• Work to be completed: Images are not wanted; transcribe the rest of the listing exactly.
***** Collected data *****
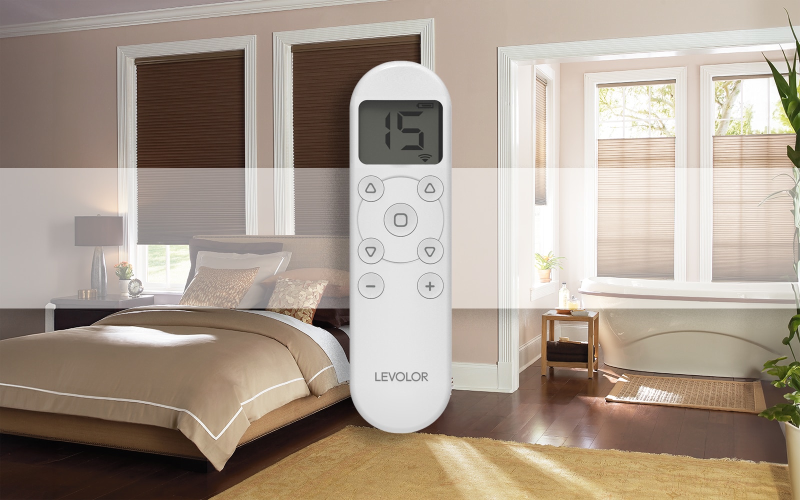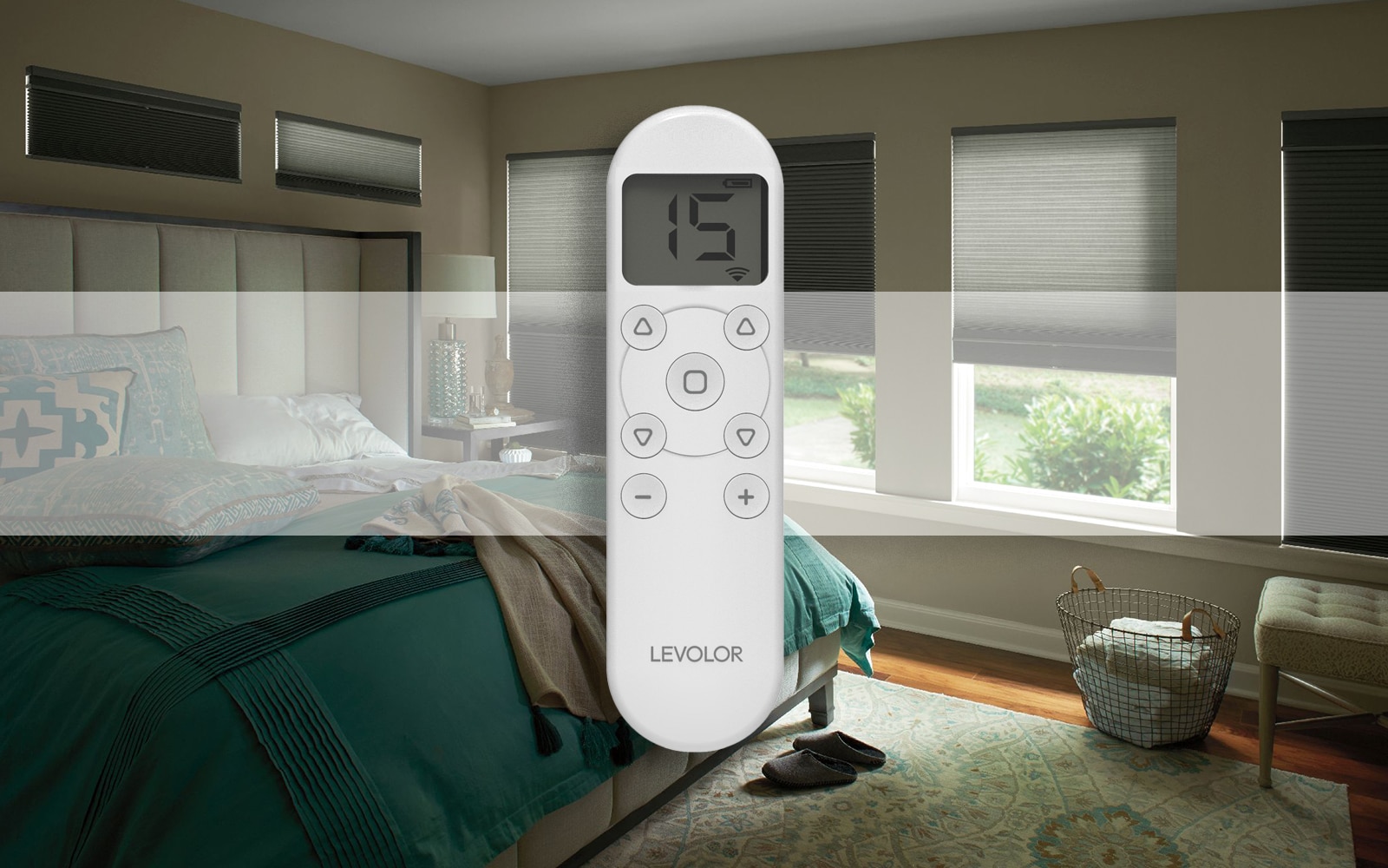 The new Levolor InMotion15-channel Top Down Bottom Up and Day Night remote gives you just what you need to set your favorite shade positions, keeping things light and easy. Give yourself the flexibility of choice: Use the remote to adjust the blinds behind you when you’re sitting on the sofa. Use the app to lower all shades at the front of your house as you’re walking out the door. With 15 channels, you can set your blinds and shades to create the light and privacy you want for every part of your day, from early morning stretching to family dinners and bedtime stories.
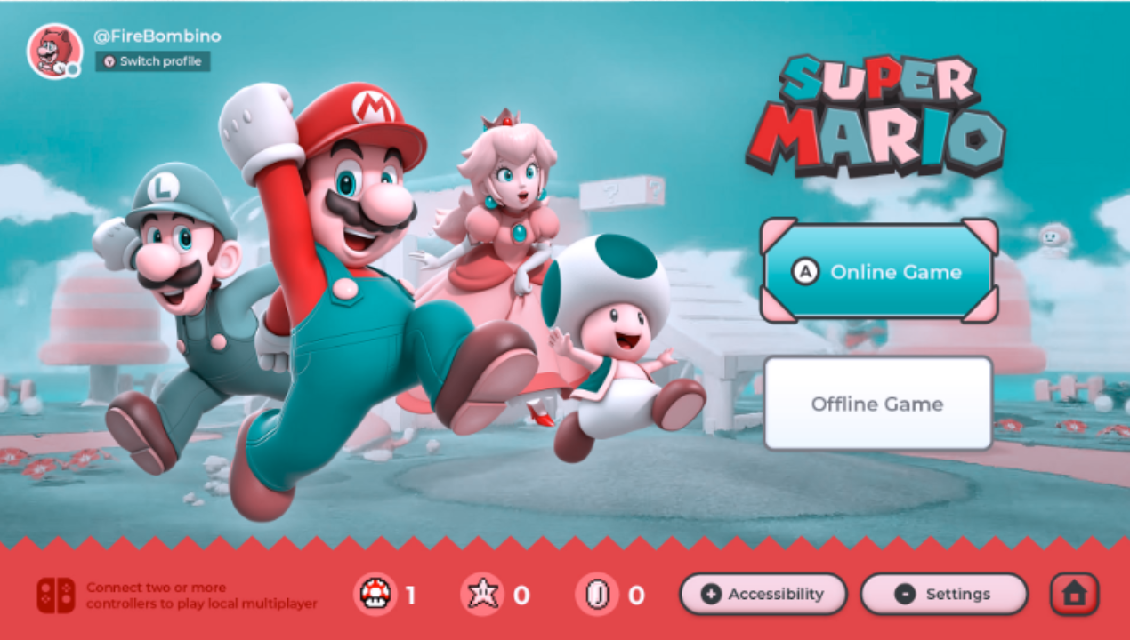 I designed a high fidelity UI mockup in the style of Super Mario for Nintendo Switch.
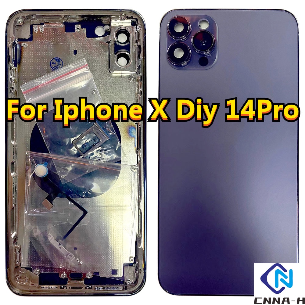 For Iphone X Like 14 Pro DIY Back Housing X Into 14Pro Stainless steel Middle Chassis Frame Cover Battery Door Parts With Logo
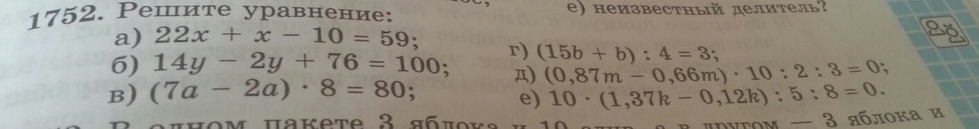 Решите уравнение: а)22x+x-10=59 b)14y-2y+76=100 в)(7a-2a)•8=80 г)(15b+b):4=3 д)(0,87m-0,66m)•10:2:3=0 е)10•(1,37k-0,12k):5:8=0.
*****
• Answer section:
 The new Levolor InMotion15-channel Top Down Bottom Up and Day Night remote gives you just what you need to set your favorite shade positions, keeping things light and easy. Give yourself the flexibility of choice: Use the remote to adjust the blinds behind you when you’re sitting on the sofa. Use the app to lower all shades at the front of your house as you’re walking out the door. With 15 channels, you can set your blinds and shades to create the light and privacy you want for every part of your day, from early morning stretching to family dinners and bedtime stories.
 I designed a high fidelity UI mockup in the style of Super Mario for Nintendo Switch.
 For Iphone X Like 14 Pro DIY Back Housing X Into 14Pro Stainless steel Middle Chassis Frame Cover Battery Door Parts With Logo
 Решите уравнение: а)22x+x-10=59 b)14y-2y+76=100 в)(7a-2a)•8=80 г)(15b+b):4=3 д)(0,87m-0,66m)•10:2:3=0 е)10•(1,37k-0,12k):5:8=0.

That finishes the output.